▸ Work order
The output must contain exactly the lines from the top of the listing below through the line containing "Bagno Ławki - Batalionowa", and no pictures.

▸ Data
···

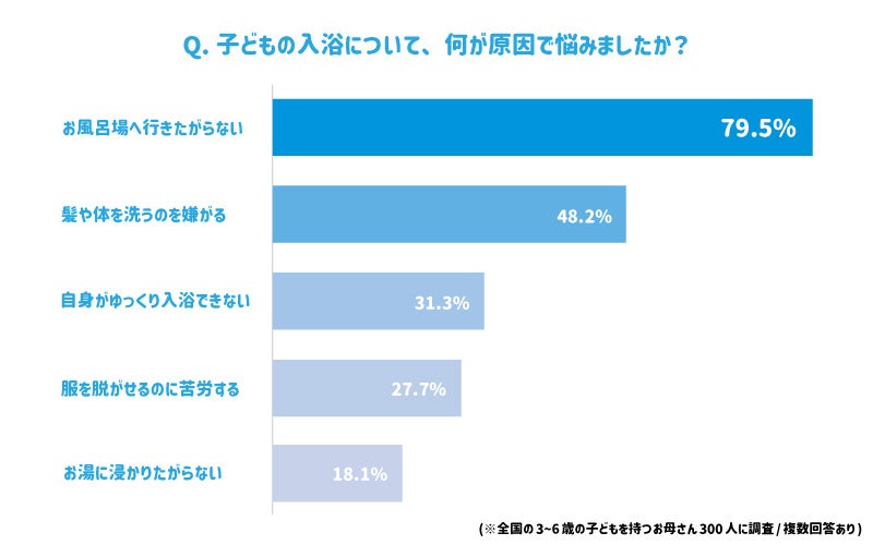 子どものお風呂嫌いでお困りのお母さんたちの79.5%が、「子どもがお風呂場へ行きたがらない」ことに悩んでいます。(※全国の3~6歳の子どもを持つお母さん300人に調査)
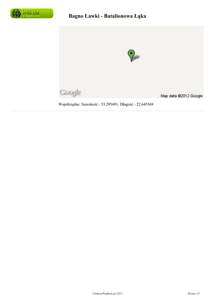 Bagno Ławki - Batalionowa Łąka Współrzędne: Szerokość - 53.295491, Długość - 22.645569 CiekawePodlasie.pl 2012 Strona 1/1
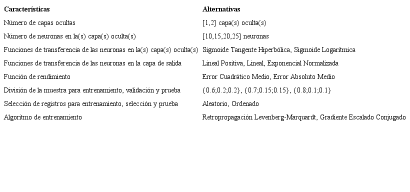 En correspondencia con la gran variedad de aplicaciones de las RNA, existen varias arquitecturas orientadas al modelado de fenómenos particulares que requieren estimación, clasificación, agrupación y predicción entre otras; en el caso que nos ocupa, se utiliza una red de tipo (PMC, Perceptrón Multicapas) debido a su potencial en el ajuste de funciones. La tabla 2 muestra la matriz del experimento computacional utilizado, a partir de la cual se obtuvieron los valores de las fuerzas de corte.
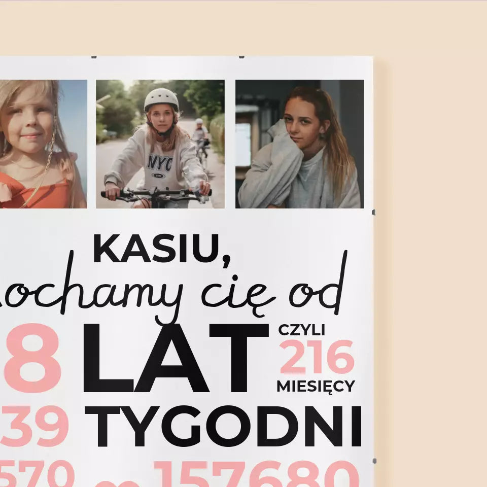 Fotokolaż: Kochamy Cię Od 18 Lat - Plakat 40x60cm w Antyramie

···

▸ Answer area
 子どものお風呂嫌いでお困りのお母さんたちの79.5%が、「子どもがお風呂場へ行きたがらない」ことに悩んでいます。(※全国の3~6歳の子どもを持つお母さん300人に調査)
 Bagno Ławki - Batalionowa Łąka Współrzędne: Szerokość - 53.295491, Długość - 22.645569 CiekawePodlasie.pl 2012 Strona 1/1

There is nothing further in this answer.